The pound has remained supported despite US dollar strength, helped by positive jobs data released this Tuesday morning. The good UK jobs data is also supporting expectations of further interest rate hikes by the Bank of England (BoE).
Chancellor of the Exchequer, Rishi Sunak, has welcomed today’s data and said that the “figures are proof that the jobs market is thriving, with employee numbers rising to record levels, and redundancy notifications at their lowest levels since 2006 in December.”
Unemployment rate drops
The jobless rate fell to 4.1% during the quarter of September and November, according to the Office for National Statistics. After the end of the furlough scheme, the labour market has proven to be resilient and has continued to grow stronger in November. While wage growth slowed down, it remained above 4.2%.
The ONS estimates that employers added 184,000 more staff in December, pushing payrolls higher, to 409,000, which represents 1.4%, above pre-pandemic levels.
Vacancies increased too, with 1,247,000 vacancies in October-December. Most industries have shown a high number of vacancies, but the ONS warned that the rate of growth in vacancies has slowed. There are 462,000 more vacancies than before the pandemic. The redundancy rate has fallen which means that the end of the furlough scheme did not significantly affect the jobs market.
Economic inactivity rate rose by 0.2% to 21.3%. This suggests that an increasing number of people have left the labour market, either because they have retired, started studying or are ill.
Consumer price inflation (CPI) rose to 5.1% in November and is expected to hit 6% by this spring when energy bills increase.

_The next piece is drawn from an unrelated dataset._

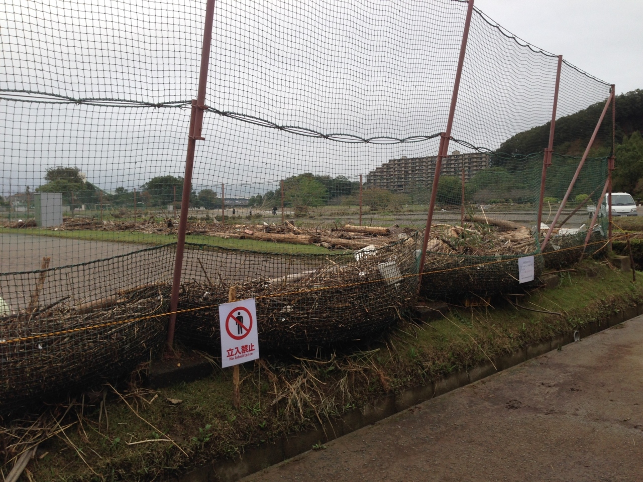 飯能市のテニスコートには流木が入ってコートの整備が大変です!
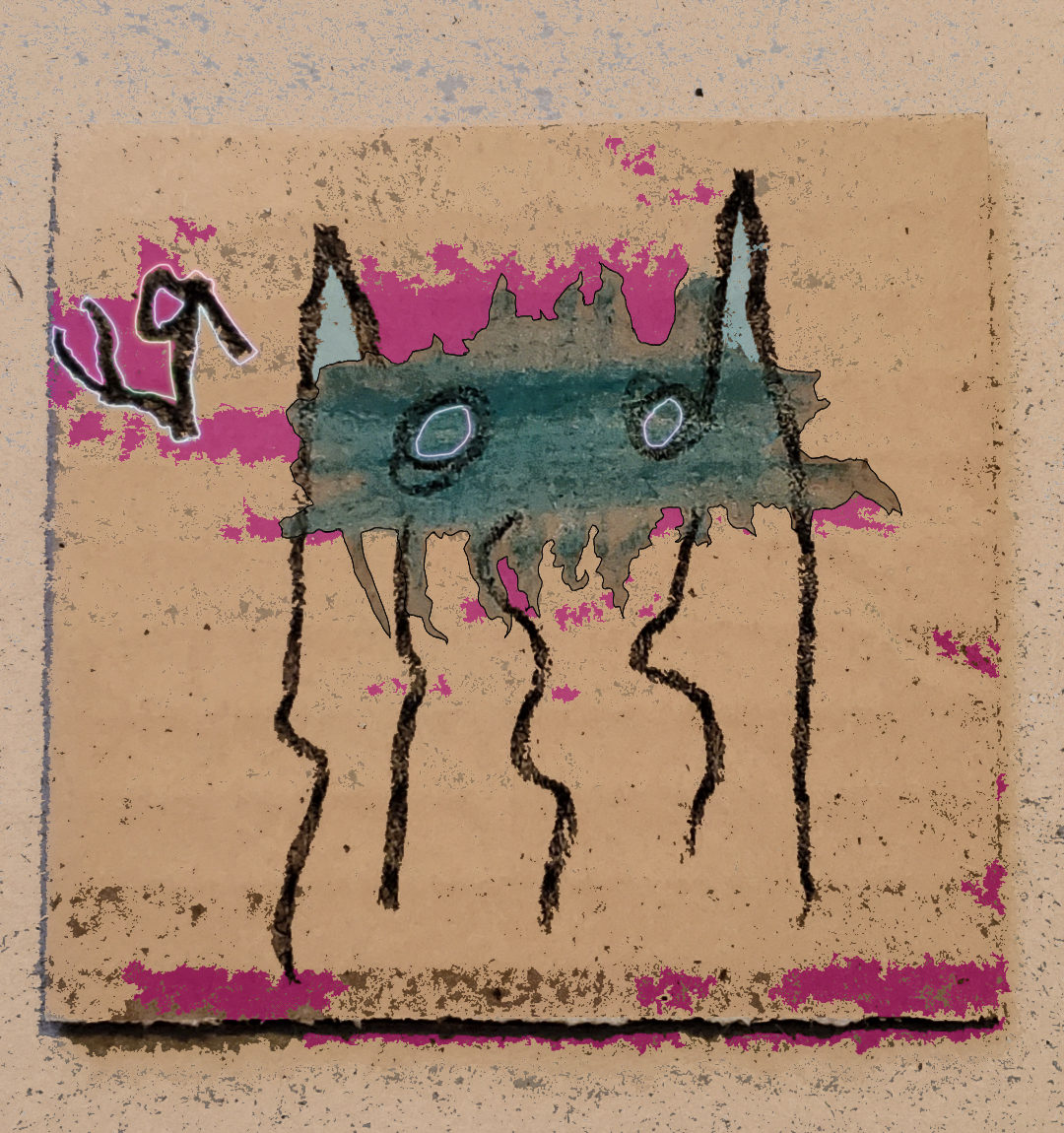 [Crayon on reclaimed cardboard with digital embellishments and color.]

The ONS reported that wages fell as prices rose in November: “In real terms (adjusted for inflation), total and regular pay have shown minimal growth in September to November 2021, at 0.4% for total pay and 0.0% for regular pay; single-month growth in real average weekly earnings for November 2021 fell on the year for the first time since July 2020, at negative 0.9% for total pay and negative 1.0% for regular pay.” The ONS showed that public sector was hit by the pay squeeze: “Average total pay growth for the private sector was 4.5% in September to November 2021, while for the public sector, it was 2.6%; all sectors saw growth, with the finance and business services sector seeing the largest growth rate at 6.8%.”
Cost of living
The UK’s cost of living is going to get worse according to Stephen Evans, chief executive of Learning and Work Institute. He warned that 2022 “will be dominated by the cost of living crunch and labour shortages.” He stressed that today’s data has shown that prices rose faster than wages, and with inflation pushing higher and further tax rises households will struggle. He clarified that the total number of working people was still below pre-pandemic levels, while the growing number of those being sick meant that there are now one million less people working than before the pandemic.
The chancellor, Rishi Sunak, highlighted the positive figures and said the government’s plan for jobs was creating opportunities for all including traineeships for young people and sector-based work academies for those changing careers.